[Recorded data]
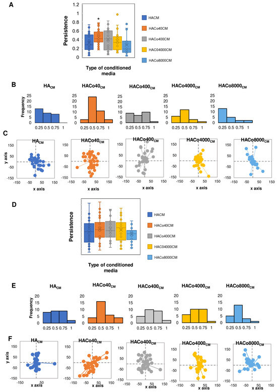 No change in persistence among all groups at t23–t40 was observed (Figure 5D). The distribution pattern of HACo40CM at t23–t40 was similar to that at t0–t18 (Figure 5E). The pattern of HACo40CM-treated cells altered to a more oblique direction since the cells tended to move to free space between cells (Figure 5F).
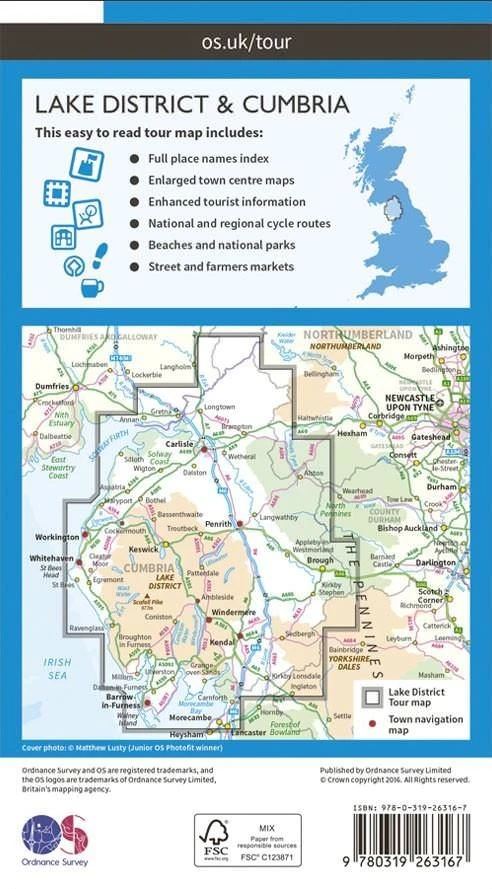 OS Tour Map Lake District & Cumbria Freizeitkarte mit Radrouten 1:110.000
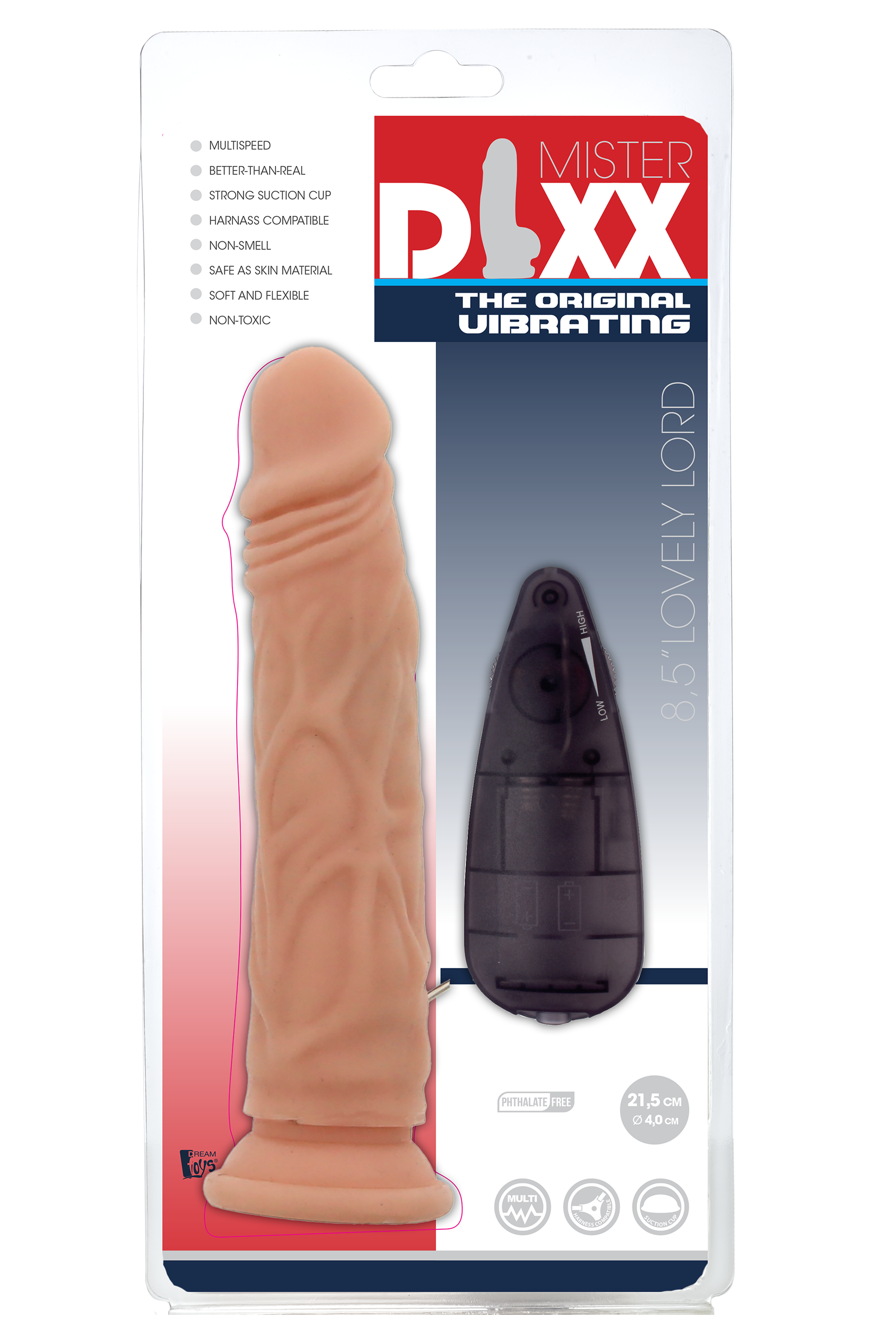 Цей 8,5-дюймовий фалоімітатор Mr Dixx гнучкий та реалістичний. Фалоімітатор має сильні багатошвидкісні вібрації, які регулюються безступінчасто за допомогою пульта дистанційного керування. Міцна основа на присосці надійно прилипає до будь-якої гладкої плоскої поверхні. Цей фалоімітатор сумісний із ременями безпеки. Виготовлений з антибактеріального ПВХ, не містить фталатів та латексу, не має запаху та безпечний для тіла.

[Task requirements] All of the data needs repeating exactly, but the pictures do not.

[Reply]
 No change in persistence among all groups at t23–t40 was observed (Figure 5D). The distribution pattern of HACo40CM at t23–t40 was similar to that at t0–t18 (Figure 5E). The pattern of HACo40CM-treated cells altered to a more oblique direction since the cells tended to move to free space between cells (Figure 5F).
 OS Tour Map Lake District & Cumbria Freizeitkarte mit Radrouten 1:110.000
 Цей 8,5-дюймовий фалоімітатор Mr Dixx гнучкий та реалістичний. Фалоімітатор має сильні багатошвидкісні вібрації, які регулюються безступінчасто за допомогою пульта дистанційного керування. Міцна основа на присосці надійно прилипає до будь-якої гладкої плоскої поверхні. Цей фалоімітатор сумісний із ременями безпеки. Виготовлений з антибактеріального ПВХ, не містить фталатів та латексу, не має запаху та безпечний для тіла.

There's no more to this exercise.